→ **EXERCISE INPUT**
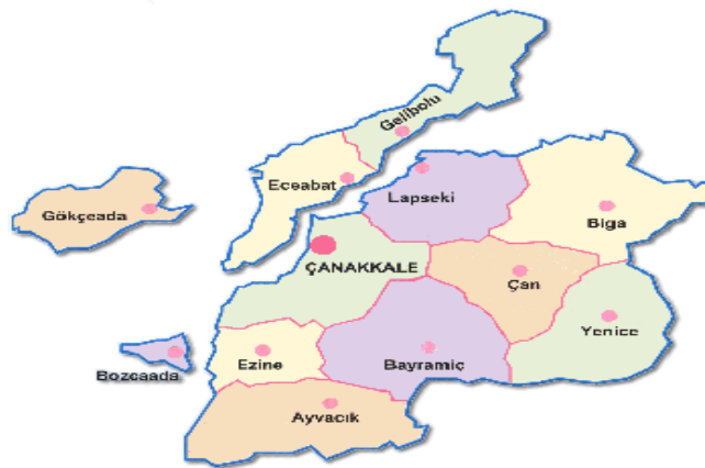
Fig. II: Map of Canakkale Region

These enterprises consist 98% of the business front, averagely. The research's being in that group becomes more important when the enterprises and the founders are affected by the high level and growing of rivalry conditions.
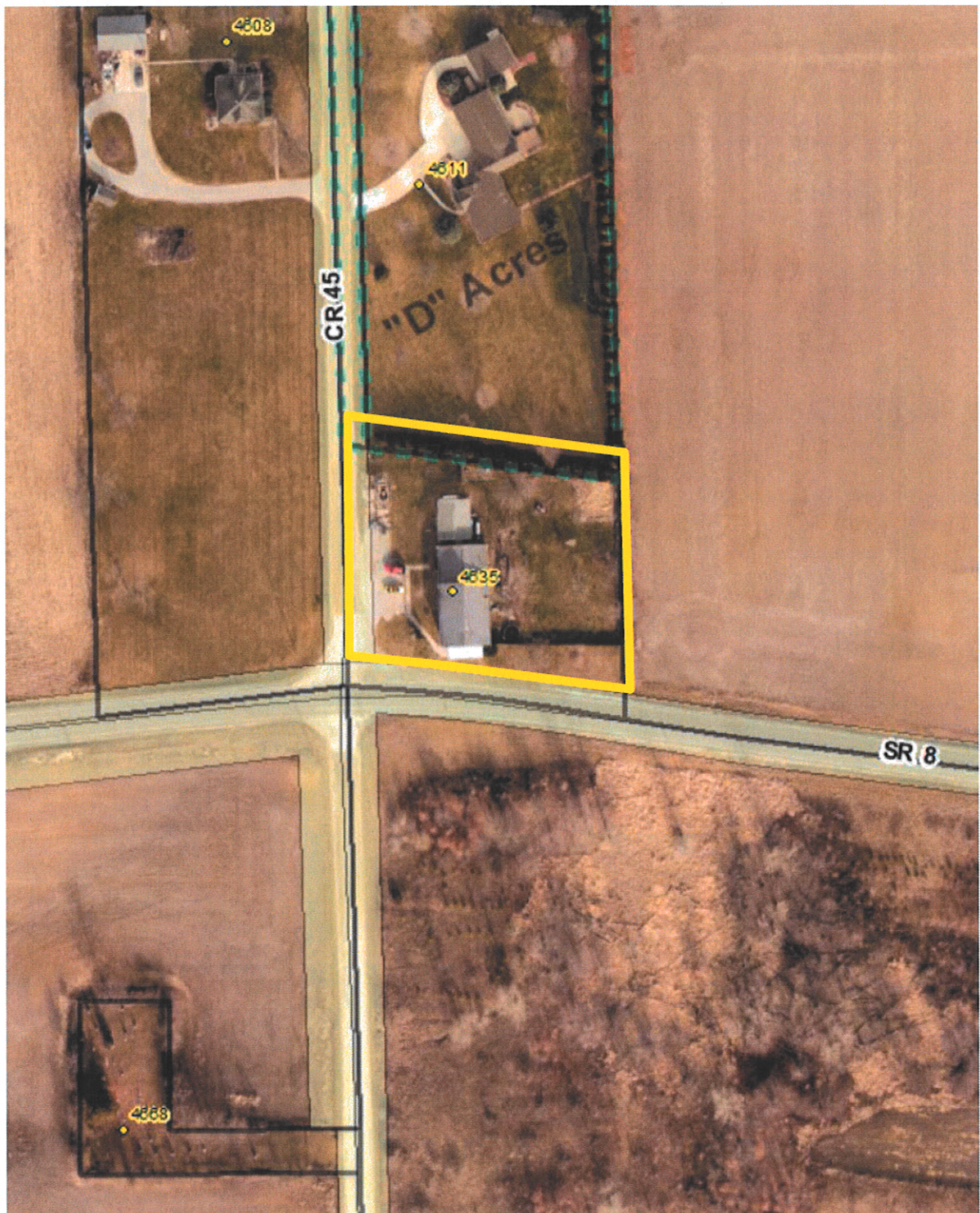
Yellow Outline: Subject Site
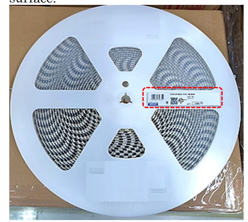
The photo is a typical example.
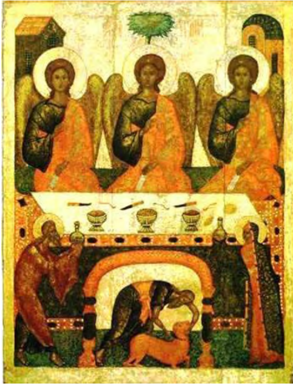
Figure 57. The Trinity, late-15th – early 16th century, tempera on wood, 145 x 108 cm, Pskov School, Tretyakov Gallery, Moscow (Russia), inv. no. 28597
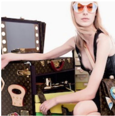
Promotional image for Louis Vuitton Iconoclasts line
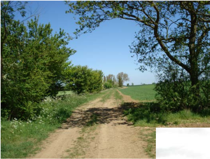
Views along Potter's Lane bridleway

The bridleway is badly-churned in places and is muddy in wet weather
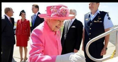
Queen Elizabeth does not hold a passport. Since all British passports are issued in the queen's name, she herself doesn't need one. She just has to say that she is the queen.
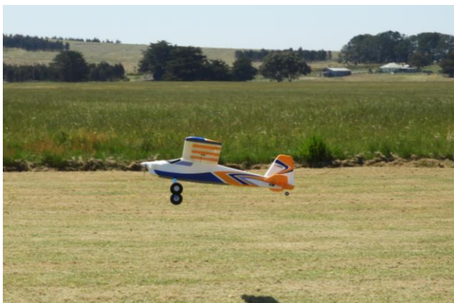
And away she goes!!!
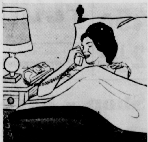
ANOTHER TELEPHONE IN THE BEDROOM

ADD-A-PHONE MONTH . . . get yours now for modern time-saving convenience
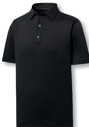
3 | 28557 Solid Lisle Set on Placket 3XL black SRP: $72.00 logo _____
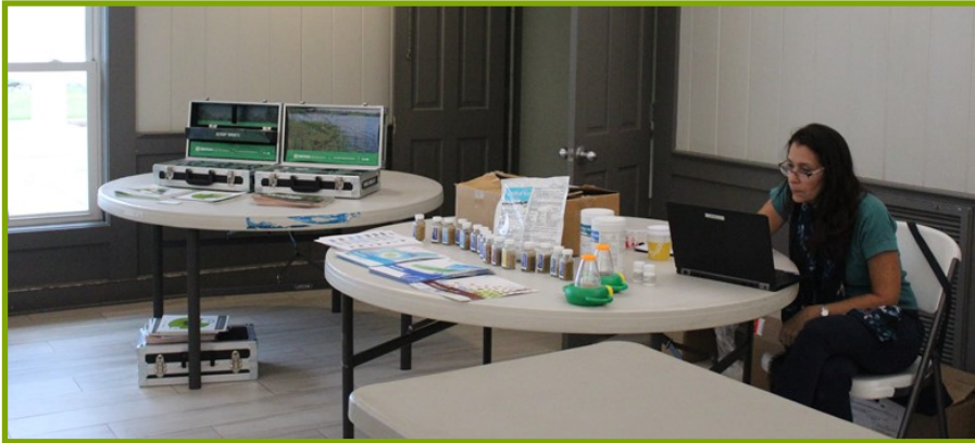
Candace prepares for a big crowd at the larvicide demonstration
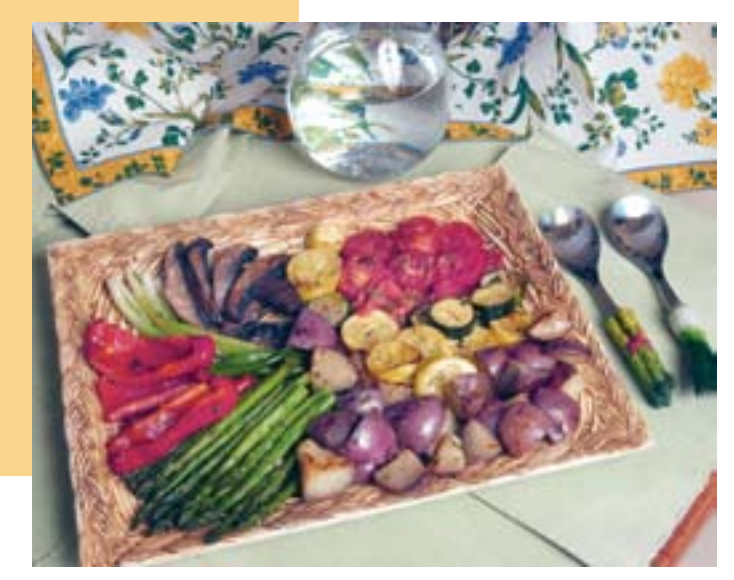
Accessories courtesy of the Hartford Hospital Auxiliary Gift Shop.

The "Mediterranean diet" appears to reduce the risk of coronary disease in people who replace saturated fat with olive oil. The Food and Drug Administration (FDA) says "limited and not conclusive" evidence suggests that a couple of tablespoons of olive oil containing monosaturated fat may reduce the risk of coronary heart disease if it replaces a similar amount of saturated fat. The FDA has changed its stance on low-fat foods, recognizing that some fats are key ingredients in a healthy diet.
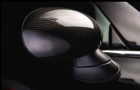
JCW PRO CARBON FIBRE MIRROR COVERS.

In addition to the JCW Aerokit, the Aerokit Plus* is available for the MINI 3-door Cooper S with Sport Pack and JCW models. This includes Add-ons for the rear spoiler, Front Splitters, Rear Splitters, Rear Diffuser, Carbon Fibre Mirror Covers and Air Intake.
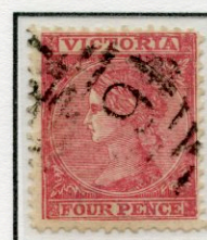
4d Dull Rose
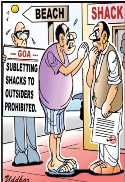
Can you sublet my shack back to me? I'm a Goan!
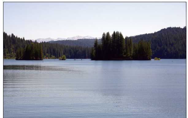
Jenkinson Lake at Sly Park Recreation Area in Pollock Pines

For more information from the U.S. EPA, contact the Safe Drinking Water Hotline: 1-800-426-4791.
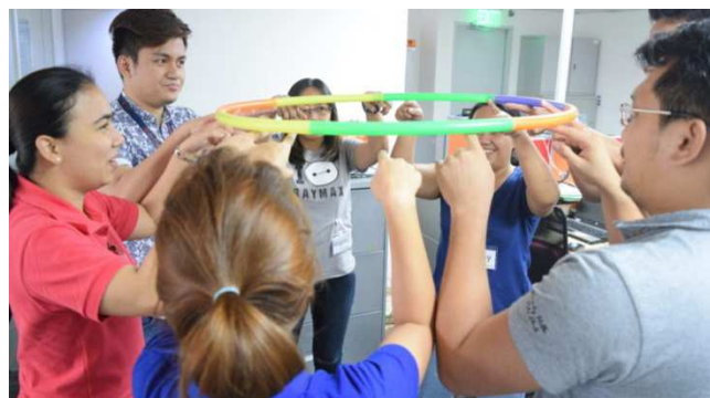
Figure1. Screenshot of an example of the training intervention sessions

Final session: Final evaluation (participants filled the questionnaires at after the intervention and then they were thanked for participating in these classes).
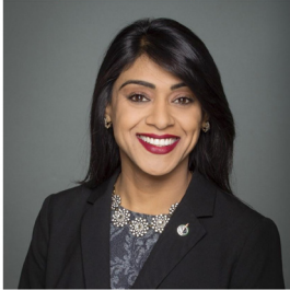
The Honourable Bardish Chagger Minister of Diversity and Inclusion and Youth
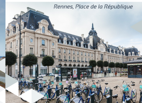
Rennes, Place de la République
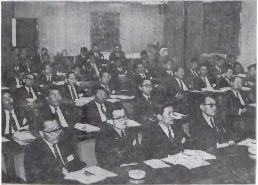
Professors hearing the lecture of Principle

World. This has to also overcome Nihilism that is not solved by Existentialism in this age. Therefore, we need a new styled religion and I believe that this could be done by the Principle of Creation in the Divine Principles, doctrine of the Holy Spirit Association for the Unification of World Christianity.

→ **ASSIGNED TASK**
Copy exactly, without pictures, the lines above from the one with "Candace prepares for" down to the one with "a healthy diet.", inclusive.

→ **YOUR RESPONSE**
Candace prepares for a big crowd at the larvicide demonstration
Accessories courtesy of the Hartford Hospital Auxiliary Gift Shop.

The "Mediterranean diet" appears to reduce the risk of coronary disease in people who replace saturated fat with olive oil. The Food and Drug Administration (FDA) says "limited and not conclusive" evidence suggests that a couple of tablespoons of olive oil containing monosaturated fat may reduce the risk of coronary heart disease if it replaces a similar amount of saturated fat. The FDA has changed its stance on low-fat foods, recognizing that some fats are key ingredients in a healthy diet.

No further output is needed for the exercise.